EXERCISE GOAL
Provide an exact copy of the data, excluding the images.

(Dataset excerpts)
>>>>>

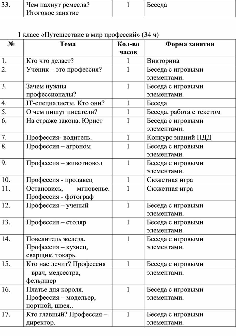 2 класс «Путешествие в мир профессий» (расширение представлений детей о мире профессий) - 34 ч.
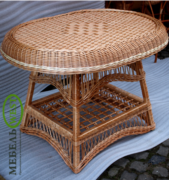 Изысканный стол из лозы "По кругу", с дополнительным плетеным декором.
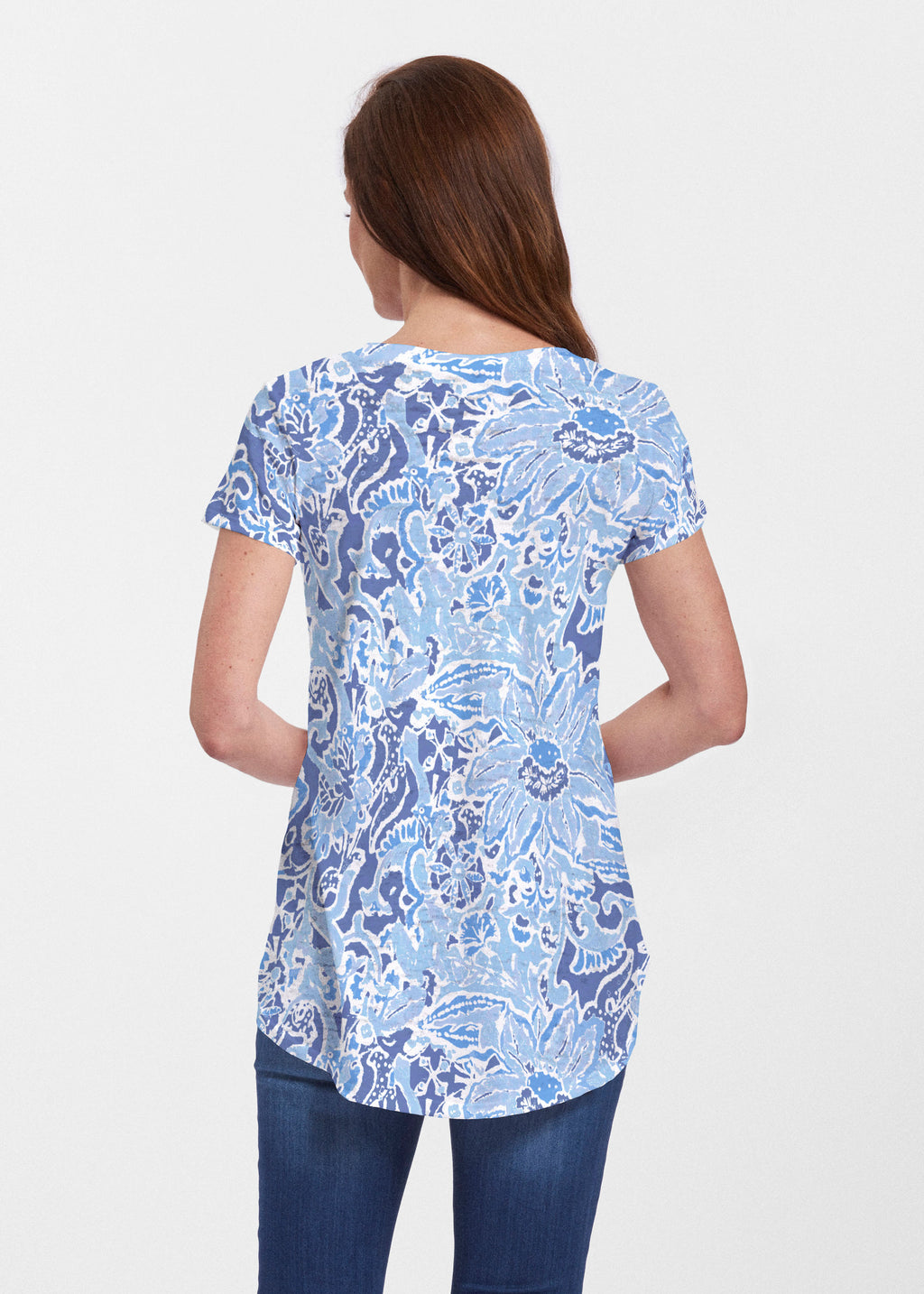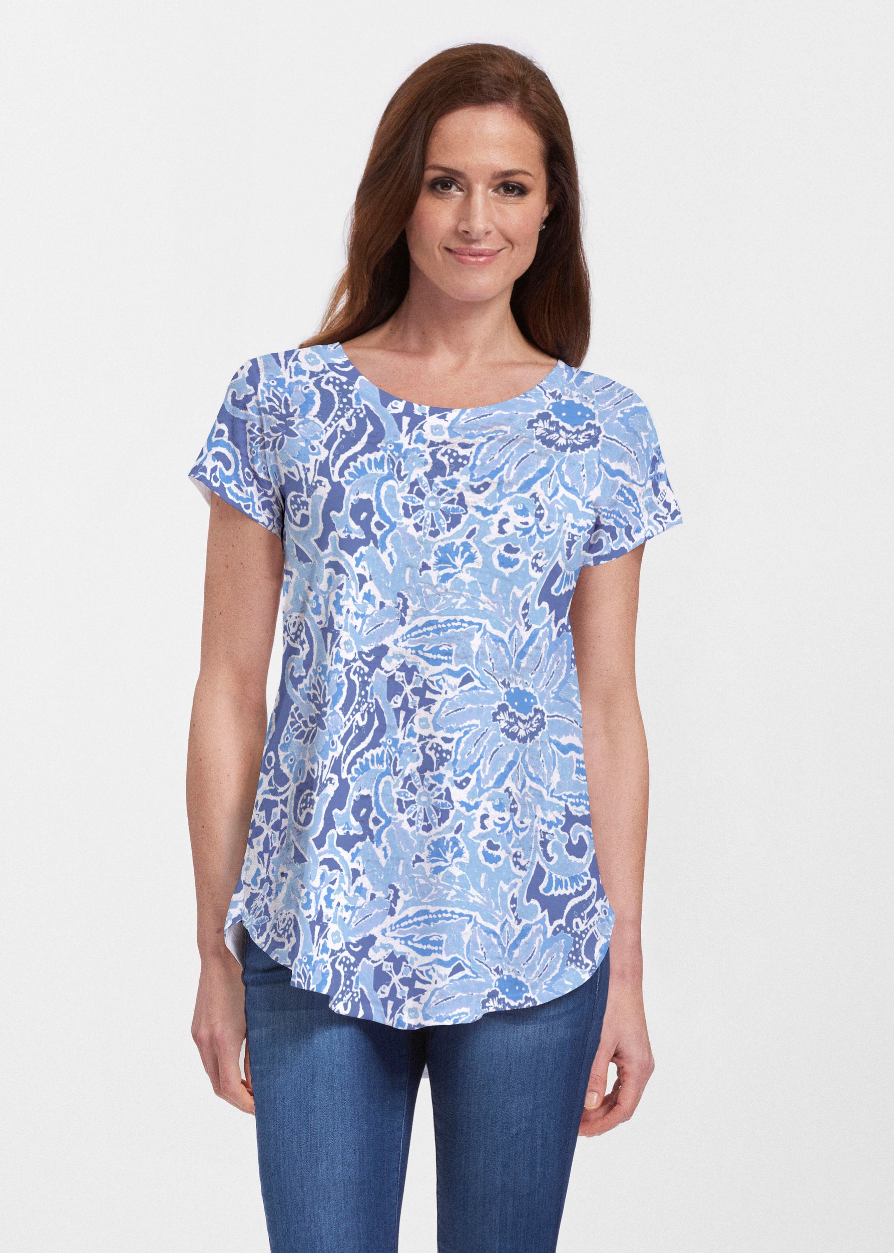 An effortlessly flattering tunic in our soft Signature burnout fabric featuring short sleeves and a scoop neck with a body that flows into a full, swinging shirttail hem.
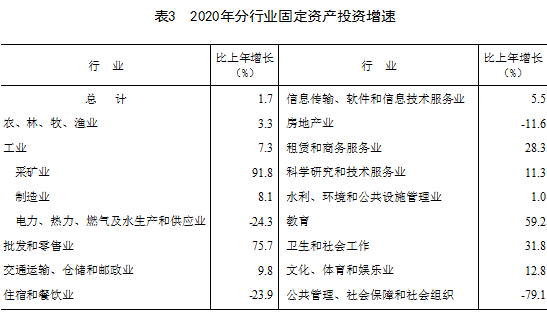 在固定资产投资中,第一产业投资比上年下降2.6%,第二产业投资增长7.3%,第三产业投资下降1.0%。基础设施投资增长1.5%;民间投资下降4.9%;工业投资增长7.3%。
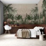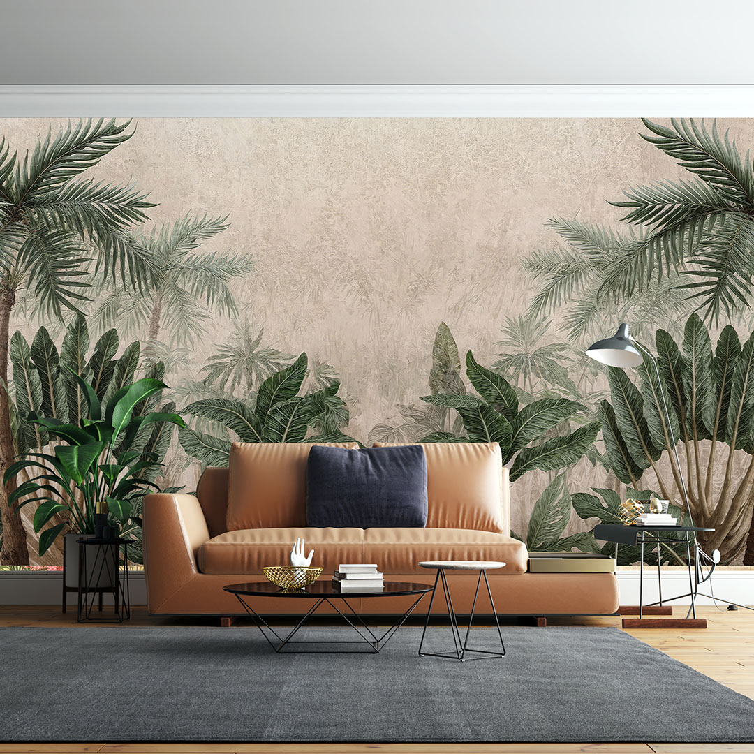 Bu tasarım, tropik bir ormanın gizemli ve büyüleyici atmosferini yansıtıyor. Yemyeşil palmiye ağaçları, derin gölge oyunları ve zengin yeşil tonları, izleyiciyi tropikal ormanın kalbine götürüyor. Her detay, tropik ormanın gizemini ve büyüleyici atmosferini yansıtarak mekanınıza hem doğal bir zarafet hem de egzotik bir cazibe katıyor. Bu eser, yaşam alanlarınıza tropik bir ormanın kapılarını aralıyor.
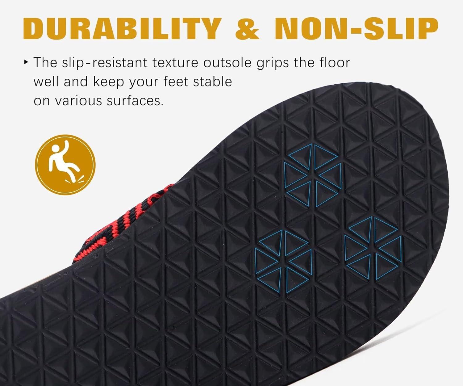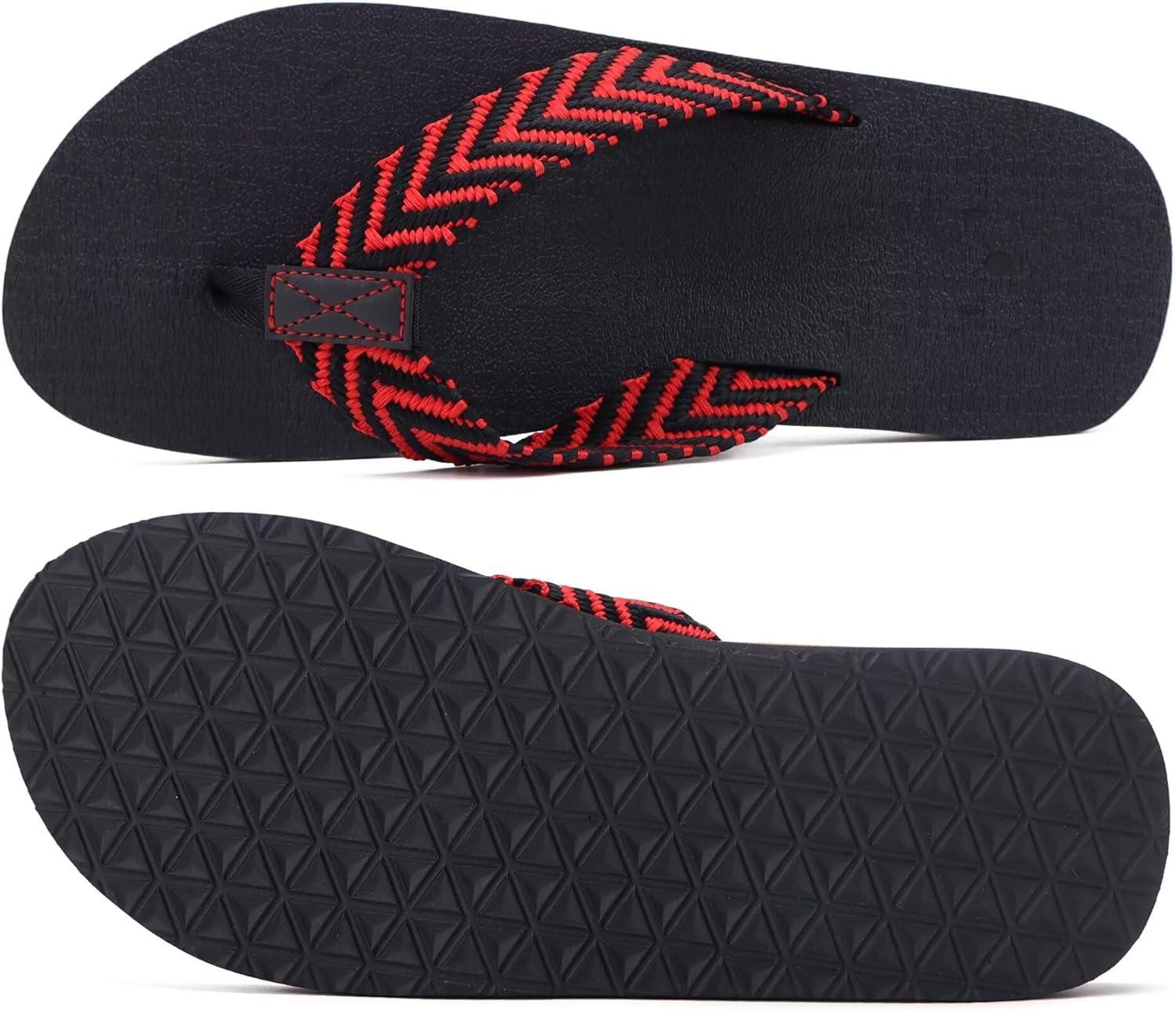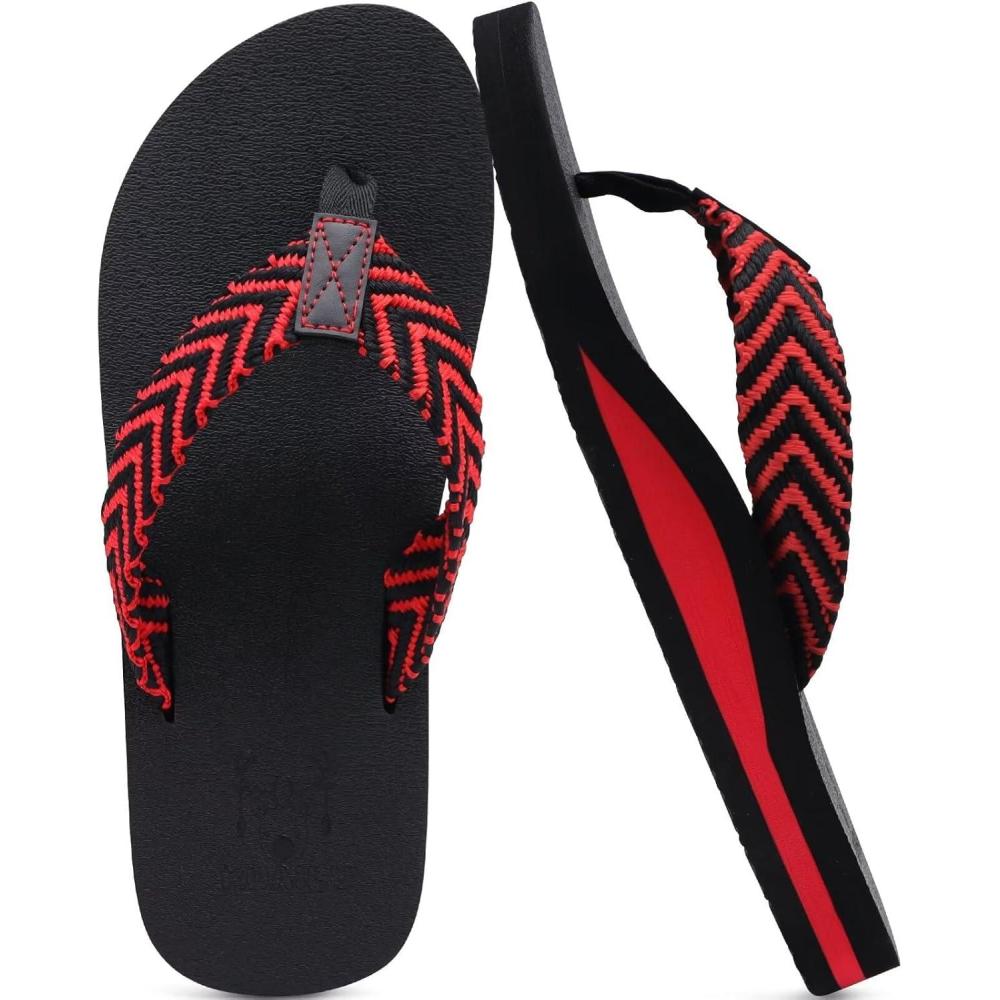 KuaiLu Men’s Leather Flip Flops Arch Support Summer Beach Pool Water Thong Sandals Waterproof Rubber Walking Shoes(Black/Red)

<<<<<

SOLUTION TO THIS PROBLEM
 2 класс «Путешествие в мир профессий» (расширение представлений детей о мире профессий) - 34 ч.
 Изысканный стол из лозы "По кругу", с дополнительным плетеным декором.
 An effortlessly flattering tunic in our soft Signature burnout fabric featuring short sleeves and a scoop neck with a body that flows into a full, swinging shirttail hem.
 在固定资产投资中,第一产业投资比上年下降2.6%,第二产业投资增长7.3%,第三产业投资下降1.0%。基础设施投资增长1.5%;民间投资下降4.9%;工业投资增长7.3%。
 Bu tasarım, tropik bir ormanın gizemli ve büyüleyici atmosferini yansıtıyor. Yemyeşil palmiye ağaçları, derin gölge oyunları ve zengin yeşil tonları, izleyiciyi tropikal ormanın kalbine götürüyor. Her detay, tropik ormanın gizemini ve büyüleyici atmosferini yansıtarak mekanınıza hem doğal bir zarafet hem de egzotik bir cazibe katıyor. Bu eser, yaşam alanlarınıza tropik bir ormanın kapılarını aralıyor.
 KuaiLu Men’s Leather Flip Flops Arch Support Summer Beach Pool Water Thong Sandals Waterproof Rubber Walking Shoes(Black/Red)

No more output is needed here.